1. ANThropomorphism

Students: Gabe Cadamuro and Kathy Huang

Mentor: Aaron Wong

ANThropomorphism uses genetic programming principles to create an artificial life simulator based on the general behavior of ants.  The ants dig through a cross section of varied terrain, attempting to find food before their health is gone. The downloadable program allows the user to specify the terrain makeup, fitness function, reproduction type, and more.  Additionally, there are statistical displays, so that the user can gain a comprehensive view of the ants’ evolution.

2. Numerical Handwriting Recognition

Students: Caitlin Caldwell and Jane E

Mentor: Tao Yue (GS)

This program recognizes numerical digits written by the user, and gives the output in real-time. The underlying structure is a neural network, trained on gold standard handwritten data.

3. Graphle: A Visualization Tool for Functional Genomics

Student: Christina Chang

Mentor: Ana Pop (GS)

Graphle is a visualizer for gene function prediction networks: its goal is to simplify the presentation and sharing of large biological networks by making them easy to explore, quickly and intuitively, by biological collaborators using the web. This project extended Graphle by implementing the capability to analyze and visualize directed graphs, allowing biologists to query and explore predicted gene-gene regulation.

4. MetaBoard Program

Students: Ori Daniel and Minqi Jiang

Mentors: Wyatt Lloyd (GS), David Shue (GS), Patrick Wendell ('11)
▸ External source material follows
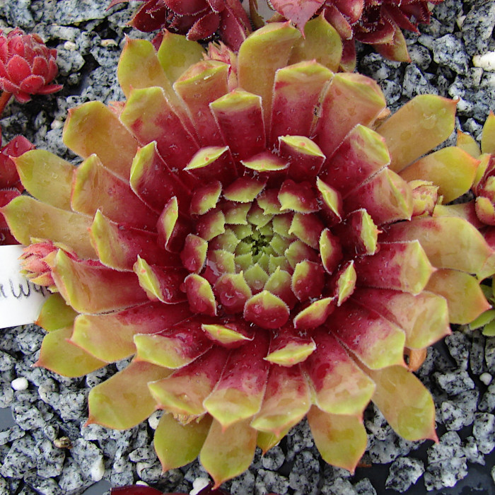 Ein neuer Stern in unserem Sortiment mit zauberhafter Frühjahsfärbung in leuchtendem Pink und gelblichem Grün. Die aussergewöhnlich schmalen Blätter formen bis zu zehn Zentimeter große Rosetten. Auch im Sommer noch hübsch anzusehen. Auffallend immer die langen Spitzen!
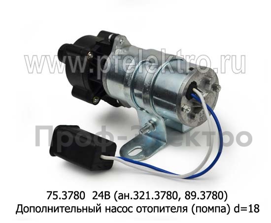 75.3780 24В (ан.321.3780, 89.3780) Насос отопителя дополнительный (помпа) d=18, камаз, маз, ПЖД, все т/с (АЕ)

MetaBoard is the virtual love-child of those spontaneous, off-the-cuff (and at times off-color) dormitory whiteboards and the vast social-networking forces of the internet. With a MetaBoard, you and your friends can draw on one another’s desktops with the stroke of a mouse.  Once registered, each user owns a personal MetaBoard, on which online users may scribble the quotidian or quixotic--quotes, quips, quarrels, all with digital quills. 

5. Seam Carving

Students: Inés Sheppard and Alejandro Zúniga

Mentor: Nadia Heninger (GS)

The seam carving algorithm (Shai Avidan and Ariel Shamir) alters the dimensions of an image not by scaling or cropping, but rather by intelligently removing pixels from (or adding pixels to) the image that carry little importance. This project implements an energy function to determine which pixels are least important, and dynamic programming is used to find the "seam." The program includes extra features and an interactive interface.